*** Data shown ***
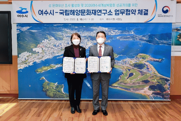 [¹Ìµð¾îÀü³² ÀüÇü¼º ±âÀÚ] ¿©¼ö½Ã´Â 18ÀÏ ½ÃÀå½Ç¿¡¼ ±¹¸³Çؾ繮ÈÀ翬±¸¼Ò¿Í ¡®¼¶ ¹®ÈÀ¯»ê Á¶»ç Ȱ¼ºÈ ¹× 2026¿©¼ö¼¼°è¼¶¹Ú¶÷ȸ ¼º°ø°³ÃÖ¸¦ À§ÇÑ ¾÷¹«Çù¾à¡¯À» ü°áÇß´Ù°í ¹àÇû´Ù. À̳¯ Çù¾à¿¡ µû¶ó µÎ ±â°üÀº ¼¶ ¹®ÈÀ¯»ê¿¡ ´ëÇÑ Á¤¡¦
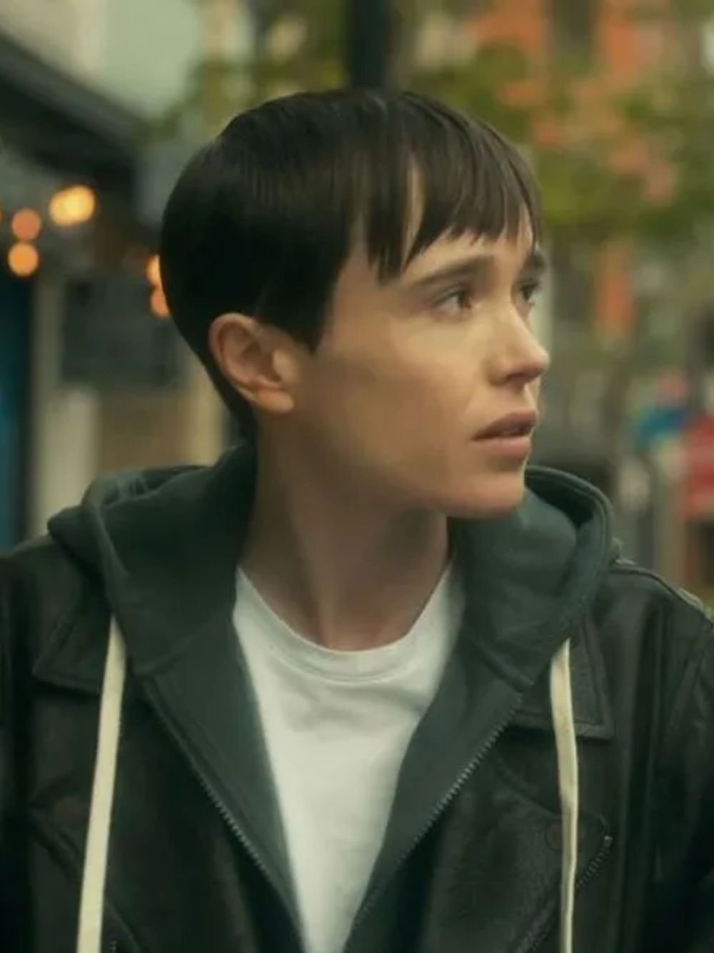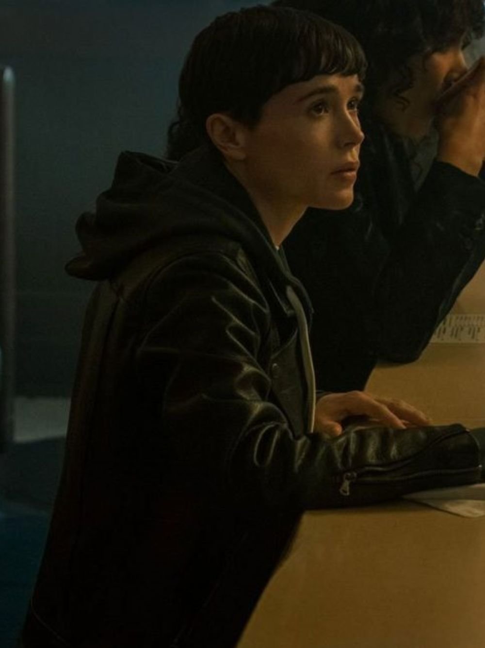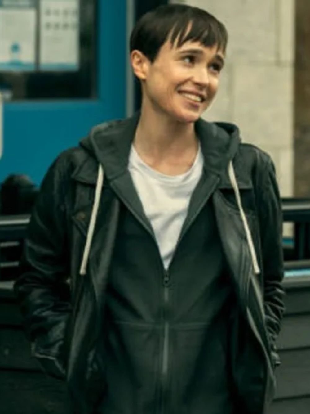 Elliot Page The Umbrella Academy Vanya Hargreeves Black Asymmetrical Zipper Leather Jacket
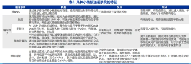 按照不同遞送技術(shù)分類,可以分為裸露RNA修飾遞送技術(shù)、脂質(zhì)體納米遞送技術(shù)、共軛連接遞送系統(tǒng)(小分子配體、抗體及其他分子)和其他多種類型的新型遞送系統(tǒng)(如多聚體納米粒遞送系統(tǒng)、細(xì)胞外囊泡遞送系統(tǒng))。其中,LNP和GaINac技術(shù)相對(duì)成熟。GaINac技術(shù)主要靶向肝臟,未來靶向其他器官的藥物遞送系統(tǒng)也有望突破,如Alnylam和 Arrowhead正在研發(fā)的針對(duì)中樞神經(jīng)系統(tǒng)、眼睛、腎癌細(xì)胞與肺上皮細(xì)胞等遞送系統(tǒng)。
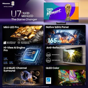 Hisense 85-Inch U7 Mini-LED ULED 4K UHD Best Premium Gaming Google Smart TV, QLED, Native 165Hz, VRR 288, Up to 3000 Nits, HDR10+, Dolby Vision IQย Atmos, IMAX Enhanced, 2.1.2 Ch, 85U75QG
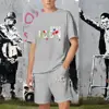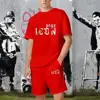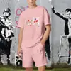 Summer Solid Color Letter Print Tracksuit Men Short Sleeve T Shirt Set Casual 2 Piece Outfits Male Sportwear Clothes for Man
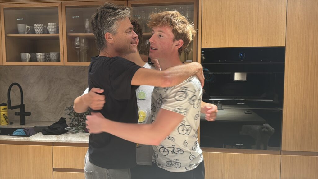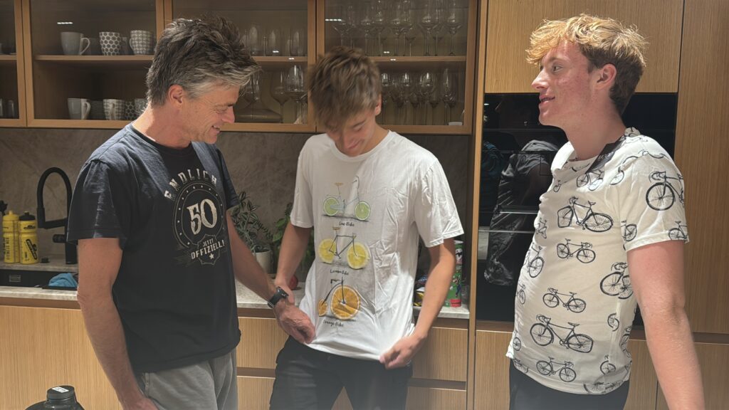 Gestern waren wir noch bei den Schrenks zum Carboloading am Abend eingeladen (Nudelessen). Moritz war auch dabei. Die letzten Vorbereitungen haben wir dann bei den Schrenks gemacht. Gummibänder mit quick Verschluss von Josef auf die Laufschuhe gegeben und den neuen Neo von Luca repariert, weil Estella beim 6h Swim diesen mit ihren Nägeln an 20 Stellen eingerissen hat. Den neuen Neo von Luca wird dann Moritz heute verwenden. Nico wird als einziger ohne Neo schwimmen. Dadurch hat er doch einen großen Nachteil beim Schwimmen, weil man schneller ist, dafür gewinnt er ein bisserl in der Wechselzone, weil er ihn nicht ausziehen muss.
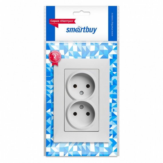 Данный товар представляет собой двойную розетку без заземления от известного производителя SMARTBUY. Изделие выполнено в белом цвете и предназначено для скрытой установки. Максимальная допустимая нагрузка по току составляет 10А.
*** End of Data shown ***
__Exercise__. Once the pictures have been removed, reproduce each line of the material above exactly.

__Task solution__.
 [¹Ìµð¾îÀü³² ÀüÇü¼º ±âÀÚ] ¿©¼ö½Ã´Â 18ÀÏ ½ÃÀå½Ç¿¡¼ ±¹¸³Çؾ繮ÈÀ翬±¸¼Ò¿Í ¡®¼¶ ¹®ÈÀ¯»ê Á¶»ç Ȱ¼ºÈ ¹× 2026¿©¼ö¼¼°è¼¶¹Ú¶÷ȸ ¼º°ø°³ÃÖ¸¦ À§ÇÑ ¾÷¹«Çù¾à¡¯À» ü°áÇß´Ù°í ¹àÇû´Ù. À̳¯ Çù¾à¿¡ µû¶ó µÎ ±â°üÀº ¼¶ ¹®ÈÀ¯»ê¿¡ ´ëÇÑ Á¤¡¦
 Elliot Page The Umbrella Academy Vanya Hargreeves Black Asymmetrical Zipper Leather Jacket
 按照不同遞送技術(shù)分類,可以分為裸露RNA修飾遞送技術(shù)、脂質(zhì)體納米遞送技術(shù)、共軛連接遞送系統(tǒng)(小分子配體、抗體及其他分子)和其他多種類型的新型遞送系統(tǒng)(如多聚體納米粒遞送系統(tǒng)、細(xì)胞外囊泡遞送系統(tǒng))。其中,LNP和GaINac技術(shù)相對(duì)成熟。GaINac技術(shù)主要靶向肝臟,未來靶向其他器官的藥物遞送系統(tǒng)也有望突破,如Alnylam和 Arrowhead正在研發(fā)的針對(duì)中樞神經(jīng)系統(tǒng)、眼睛、腎癌細(xì)胞與肺上皮細(xì)胞等遞送系統(tǒng)。
 Hisense 85-Inch U7 Mini-LED ULED 4K UHD Best Premium Gaming Google Smart TV, QLED, Native 165Hz, VRR 288, Up to 3000 Nits, HDR10+, Dolby Vision IQย Atmos, IMAX Enhanced, 2.1.2 Ch, 85U75QG
 Summer Solid Color Letter Print Tracksuit Men Short Sleeve T Shirt Set Casual 2 Piece Outfits Male Sportwear Clothes for Man
 Gestern waren wir noch bei den Schrenks zum Carboloading am Abend eingeladen (Nudelessen). Moritz war auch dabei. Die letzten Vorbereitungen haben wir dann bei den Schrenks gemacht. Gummibänder mit quick Verschluss von Josef auf die Laufschuhe gegeben und den neuen Neo von Luca repariert, weil Estella beim 6h Swim diesen mit ihren Nägeln an 20 Stellen eingerissen hat. Den neuen Neo von Luca wird dann Moritz heute verwenden. Nico wird als einziger ohne Neo schwimmen. Dadurch hat er doch einen großen Nachteil beim Schwimmen, weil man schneller ist, dafür gewinnt er ein bisserl in der Wechselzone, weil er ihn nicht ausziehen muss.
 Данный товар представляет собой двойную розетку без заземления от известного производителя SMARTBUY. Изделие выполнено в белом цвете и предназначено для скрытой установки. Максимальная допустимая нагрузка по току составляет 10А.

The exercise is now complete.